I know from another post: Suppose G is disconnected. We want to show that $\overline G$ is connected. So suppose v and w are vertices. If vw is not an edge in G, then it is an edge in $\overline G$, and so we have a path from v to w in $\overline G$. On the other hand, if vw is an edge in G, then this means v and w are in the same component of G. Since G is disconnected, we can find a vertex u in a different component, so that neither uv nor uw is edge of G. Then vuw is a path from v to w in $\overline G$.
This shows that any two vertices in $\overline G$ have a path (in fact a path of length one or two) between them in $\overline G$, so $\overline G$ is connected.

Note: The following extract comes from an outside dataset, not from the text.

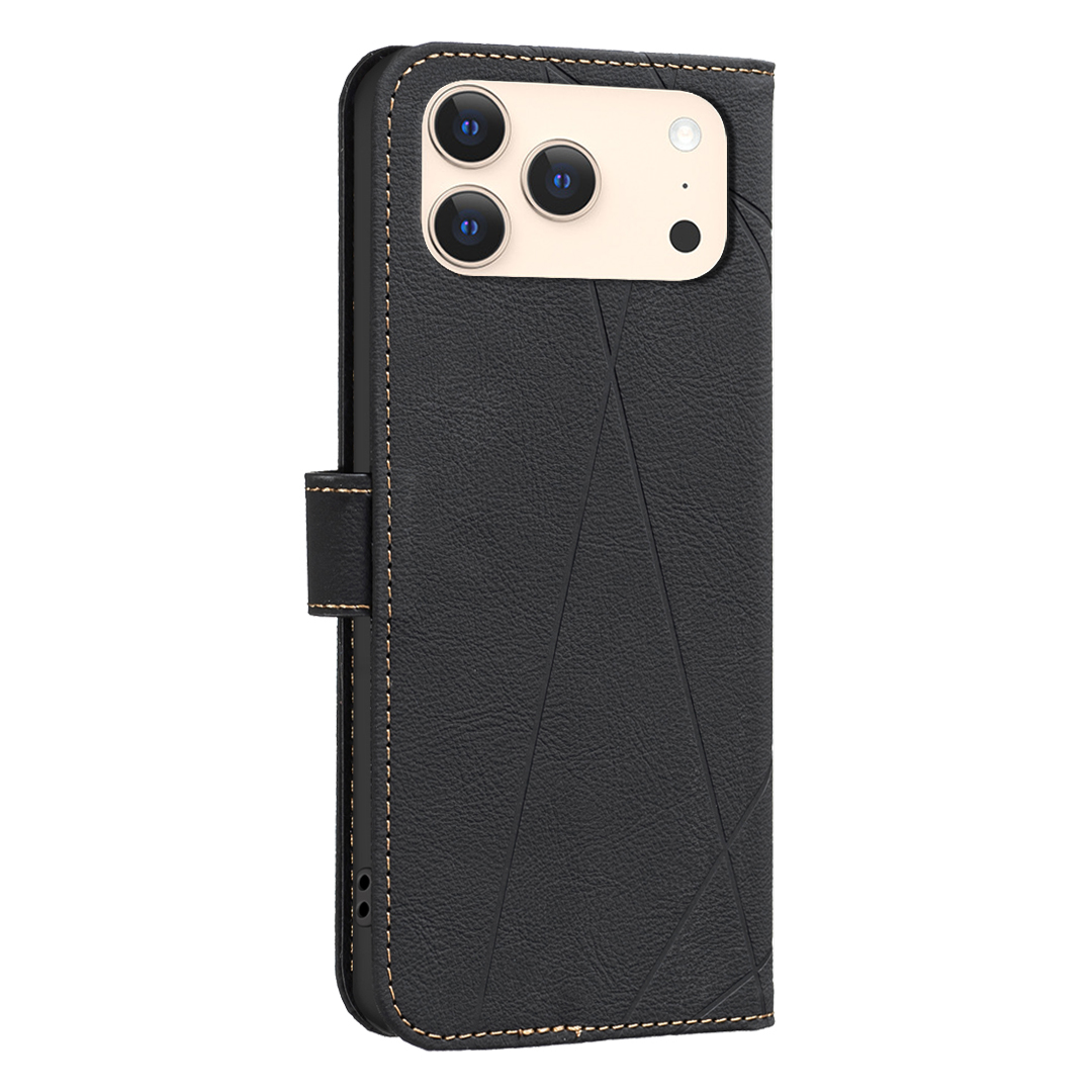 For iPhone 17 Pro Max Case BINFEN COLOR BF35 Geometry Imprinted Leather Phone Cover RFID Blocking Wallet Stand – Black

So I say that the diameter is 2. When the diameter is 1. Can I have proof with adjacency matrices?
If the diameter of $\bar{G}$ equals $1$, then for all $u,v\in \bar{G}$ we have $d_{\bar{G}}(u,v)=1$. That is, in $\bar{G}$ all vertices are connected by an edge so that $\bar{G}$ is the complete graph. Thus $G$ must be a graph with zero edges.
From your line of reasoning above, you can also see why this might make sense. You say "On the other hand, if vw is an edge in G, then this means v and w are in the same component of G", and this then gives a path of length $2$. So if there are no such $w,v$ in the same component, we may expect that no paths of length two are needed.